Applications of TLS Data
The aim of this section of the unit is to familiarise you with some real world example applications of TLS and the derived data and Digital Elevation Models (DEMs). A number of studies are presented that have been underpinned by TLS data.
Applications of TLS
TLS have been applied to a range of different disciplines and research areas. Any application that requires high resolution topographical data could make use of TLS.
Derivation of stream bed DEMs for hydraulic modelling
The TLS data that was presented in the last section, from a stream bed in Essex, UK, was used to produce a continuous gridded Digital Elevation Model (DEM) of the stream bed. This has since been used to perform hydraulic simulations, exploring the conditions in the stream at full flow. Depth averaged 2D models are currently being used to explore patterns of velocity in the river with the DEM forming the base level in the model. The diagram shows the 2D slices bottom right and velocity of water (blue = fast, red = slow) to the left. Such modelling would be impossible without suitably high resolution DEMs created from scan data.
Archaeological modelling/preservation
The Scanstation was used in 2010 to record much of a very important Roman port, known as Portus, which has been uncovered by archaeologists at the University of Southampton. The TLS enabled very high resolution models of the structures to be recorded. These can be analysed back in an office environment and serve as a permanent record of the site as it was when uncovered.
Analysis of patterns of bank erosion
Research on the Cecina River in Italy has been focusing on patterns of river bank erosion. High resolution scans have been taken at the site since 2003 and these have been post-processed in a similar way to the Essex stream bed data to produce bank DEMs which can be used to evaluate the patterns of erosion through time. The image below shows the DEMs from 2005 and 2006 (top and bottom respectively) and in the center the DEM of difference (i.e. 2006 DEM – 2005 DEM). By comparing DEMs of difference (or DoDs as they are sometimes called) we can explore how the spatial distribution of erosion changes through time. This can be related to secondary data such as river discharge to establish links between the two.
Reflection
Using Google Maps (satellite view) inspect the volcanic craters around the town of Volcano in Hawaii. It's the most active volcano in the world – Kilauea. Volcanologists want to predict eruptions and can do this by seeing subtle cm changes in ground height over areas several square kms that indicate volcanic lava is collecting below a volcano ready to erupt. Would TLS be a useful tool in this situation?
It may have some specialist applications but aerial LiDAR is far more applicable because of the scale – TLS is only useful on the scale of 10s of meters and the craters are hundreds of meters to km in scale.
Reflection
Read the Lichti et al. (2005) and Hodge et al. (2009) papers below which highlight some of the key problems that are identified with the use of TLS. Try to summarise the key causes of uncertainty in TLS data.

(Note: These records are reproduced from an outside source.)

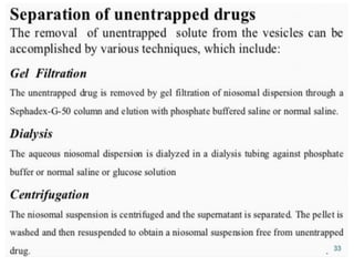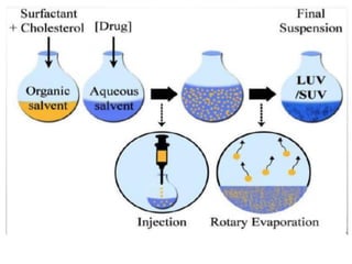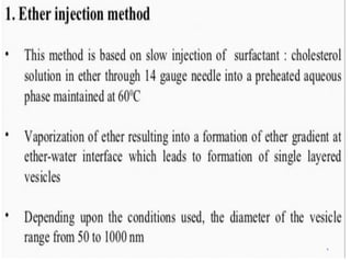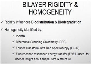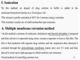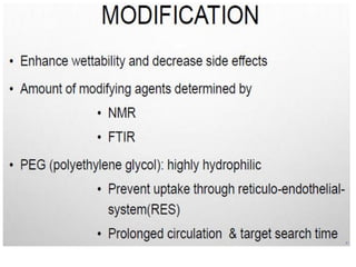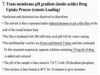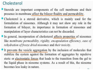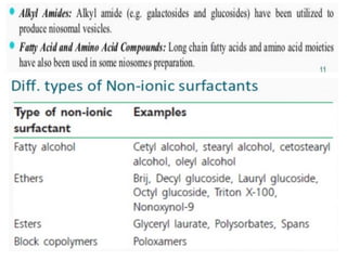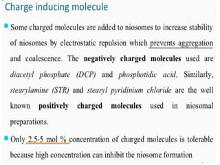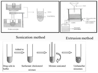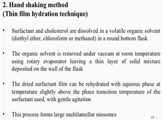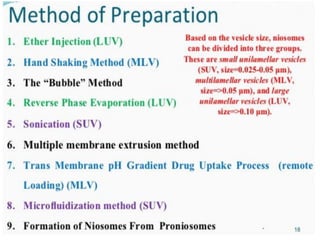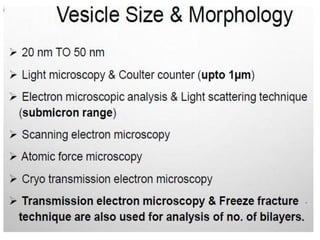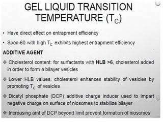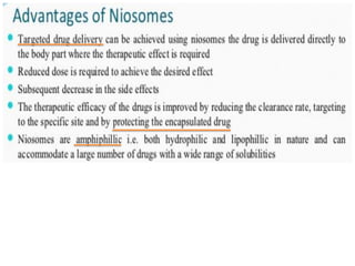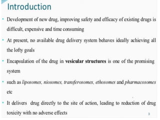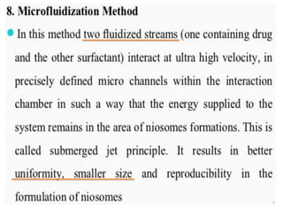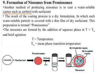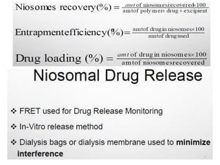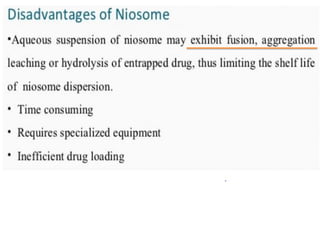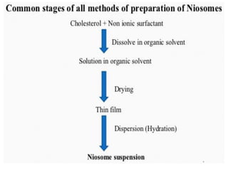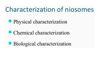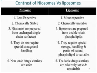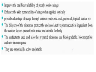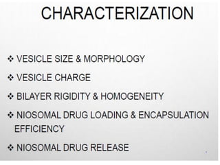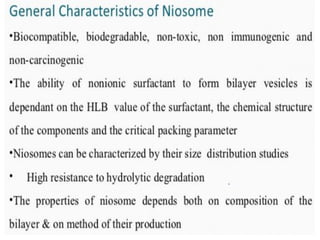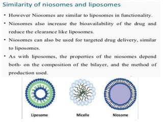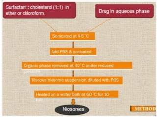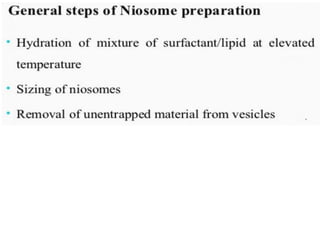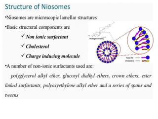 Niosomes are non-ionic surfactant-based vesicles that can be used to deliver drugs. They are divided into small unilamellar vesicles, large unilamellar vesicles, and multi-lamellar vesicles based on their size and number of bilayers. Niosomes can be used for controlled drug release, to improve drug stability and bioavailability, and for targeted drug delivery to tissues like the liver, spleen, and tumors. They have applications in drug delivery via various routes of administration like oral, topical, and intravenous delivery.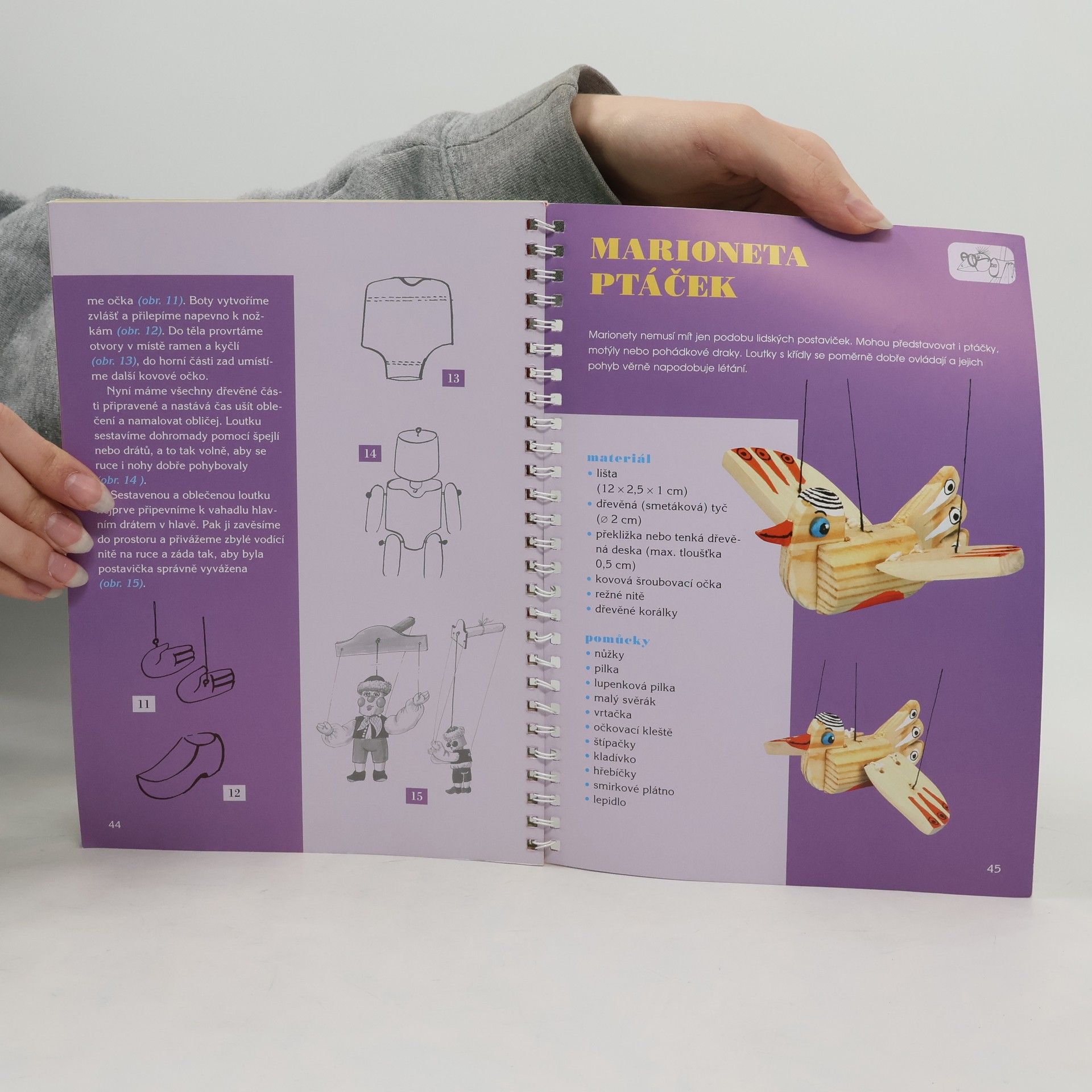 Návody na výrobu různých typů loutek (marionety, maňásci, prsťáčci, tančící loutky a další). Vhodné jako inspirace pro starší děti, mládež i dospělé. Pěkně graficky a přehledně zpracovaná kniha. Každý typ loutky je doplněn stručnou historií svého vývoje. Na začátku knihy je popsána historie loutkoherectví a loutek. Publikace není doplněna žádným střihovým materiálem, jen jednoduchými náčrty, takže poslouží spíše jako inspirace.
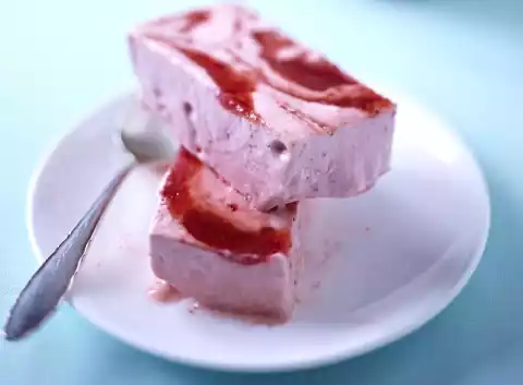 Stir in the strawberry puree bit by bit, continue stirring for 2-3 minutes. Whip cream until stiff, fold in. Pour mixture into a mould lined with foil (approx. 25 x 13 cm), smooth it down, freeze for 30-40 minutes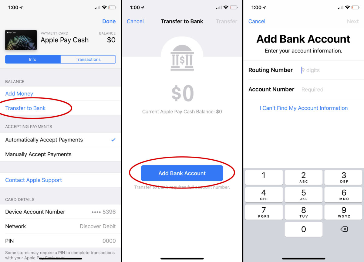如果要将资金从Apple Pay Cash虚拟卡转移到银行,则需要输入一个帐号。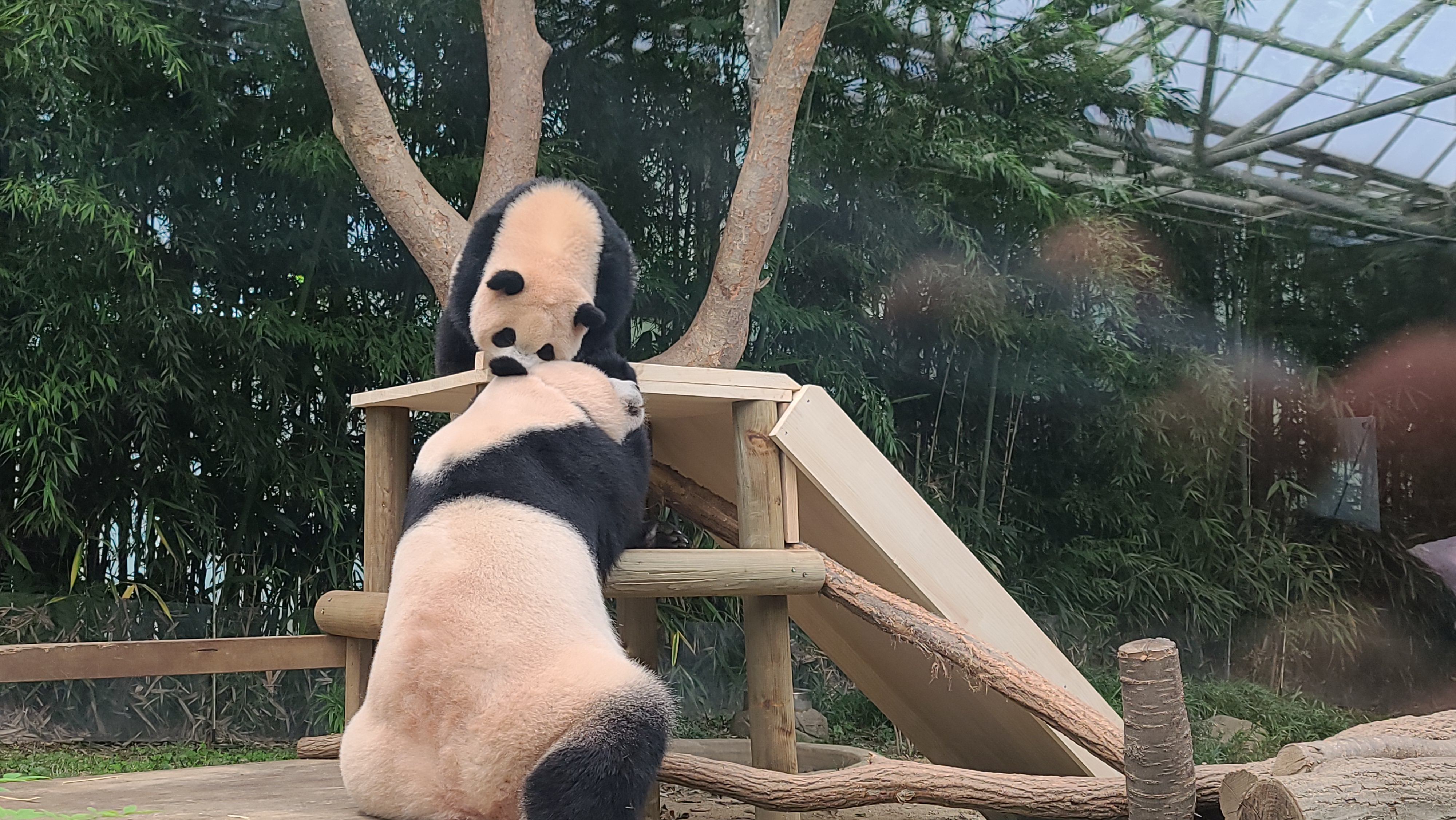 아는 분들도 계시겠지만 여름에도 밖으로 나가고 싶을 푸바오를 위해 생일선물로 미끄럼틀을 만들어 선물했습니다.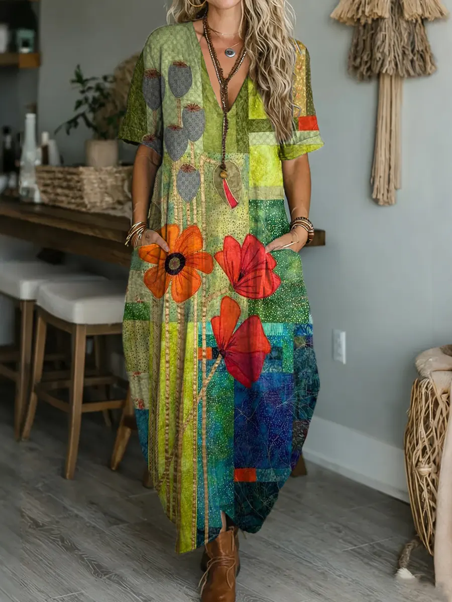 Women's Retro Floral Art Print V-neck Short-sleeve Cotton Pocket Dress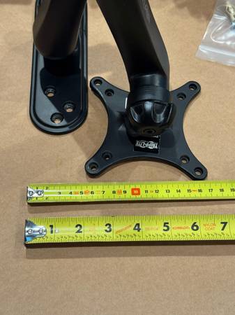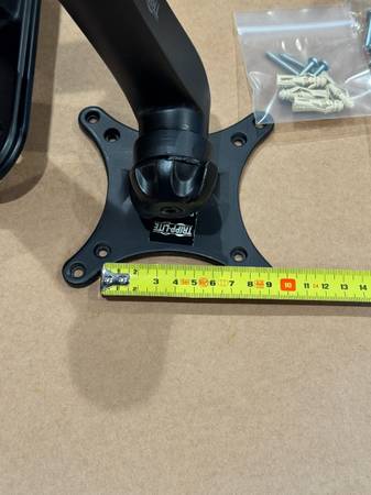 Max 15kg(33lbs) Both 75mm and 100mm mounting holes. All hardware included (monitor bolts and wall anchors) Used but in good condition.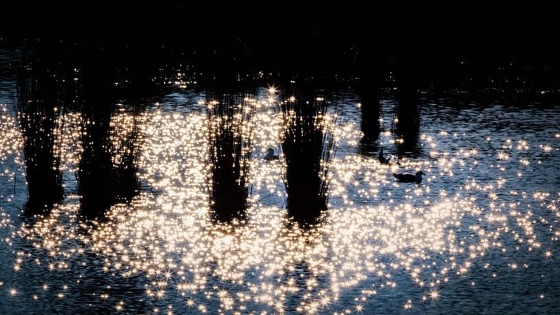 Un soleil printanier éclatant baigne l'eau de l'étang de Oudelandsedijkje à Purmerend. La source scintille et crépite dans les vagues et la lumière réfléchie forme un contraste saisissant avec les roseaux dans l'eau. Il s'agit des grands buissons de roseaux qui ont été plantés et ont poussé à cet endroit et qui sont également utilisés…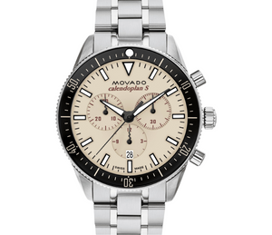 The Heritage Series Calendoplan S modernizes our classic 1950's silhouette with a sporty edge. This 42mm chronograph watch features a sand dial, Swiss Super-LumiNova accents, and a black aluminum bezel. Quartz movement. Water resistance up to 50 meters. Sapphire crystal. Deployment clasp with push button.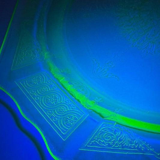 Vintage Uranium Green Depression Glass Octagonal Plate Sunburst Floral Etched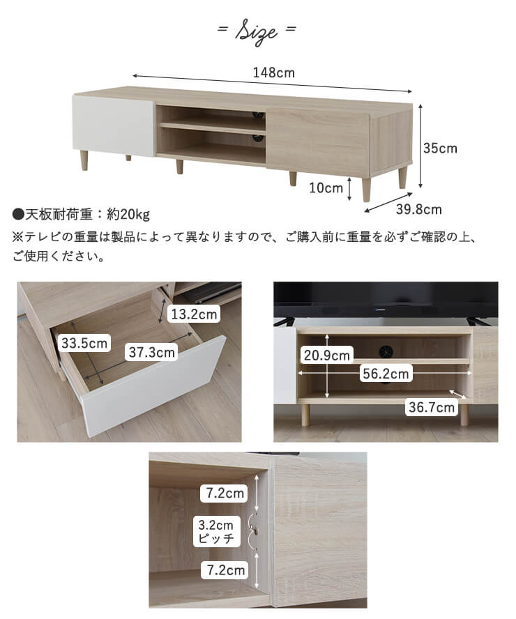 TWICE(トワイス) テレビ台 ローボード(150cm幅)ブラウン TW37-150L-BR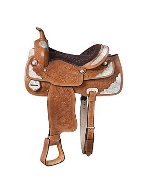 L'ensemble McCoy Trail Saddle comprend des outils floraux avec des accents de superposition argentés, des sièges en daim et des conchos argentés. Les garde-boue argentés et les garde-boue bruts complètent le look.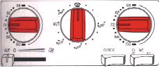 . and move the blower control to the position AUT (as far to the left as possible). The A/C system will be on at this time regardless of the A/C button's position and the blower will run at its maximum speed. When the windows have cleared, set the function selector in the AUT position.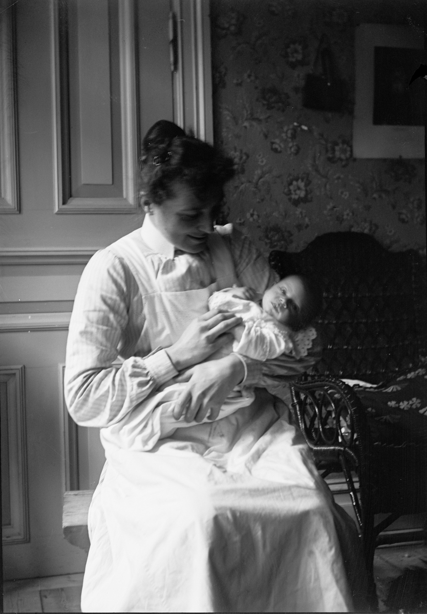 Kvinna med spädbarn i famnen i hemmet, sannolikt i Sverige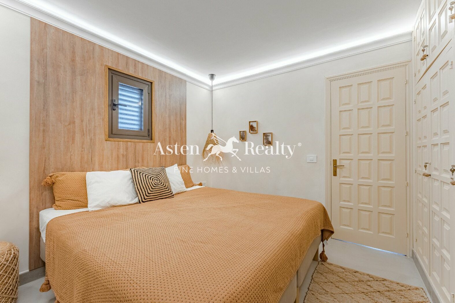 Dieses elegante, kürzlich renovierte Apartment verbindet zeitgenössisches Boho-Design mit natürlichen Materialien, hochwertigen Möbeln und einer sorgfältigen Auswahl an Details, die Wärme, Ausgewogenheit und Komfort vermitteln.

The authors of both papers cite a number of problems and limitations with using TLS for fine scale topographical analysis. The three key causes of error are:
- Scanner hardware design
- Surface reflectivity
- Imaging geometry
Hodge et al. (2009) also cite the laser footprint size as being a limiting factor in the resolution of DEMs that can be created from TLS data.
There are other issues highlighted, the above represent just a few.
References
Bae KH, Belton D, Lichti DD. 2007. Pre-processing procedures for raw point clouds from terrestrial laser scanners. Journal of Spatial Science 52(2): 65-74.
*Hodge, R., J. Brasington, and K. Richards (2009), In situ characterization of grain-scale fluvial morphology using Terrestrial Laser Scanning, Earth Surf. Process. Landf., 34(7), 954-968, DOI: 10.1002/esp.1780
Kaasalainen S, Hyyppa H, Kukko A, Litkey P, Ahokas E, Hyyppa J, Lehner H, Jaakkola A, Suomalainen J, Akujarvi A, Kaasalainen M, Pyysalo U. 2009. Radiometric Calibration of LIDAR Intensity with Commercially Available Reference Targets. Ieee Transactions on Geoscience and Remote Sensing 47(2): 588-598. doi:10.1109/tgrs.2008.2003351.
Kukko A, Kaasalainen S, Litkey P. 2008. Effect of incidence angle on laser scanner intensity and surface data. Applied Optics 47(7): 986-992.
Lichti DD. 2005. Spectral filtering and classification of terrestrial laser scanner point clouds. Photogrammetric Record 20(111): 218-240.
*Lichti DD, Gordon SJ, Tipdecho T. 2005. Error models and propagation in directly georeferenced terrestrial laser scanner networks. Journal of Surveying Engineering-Asce 131(4): 135-142.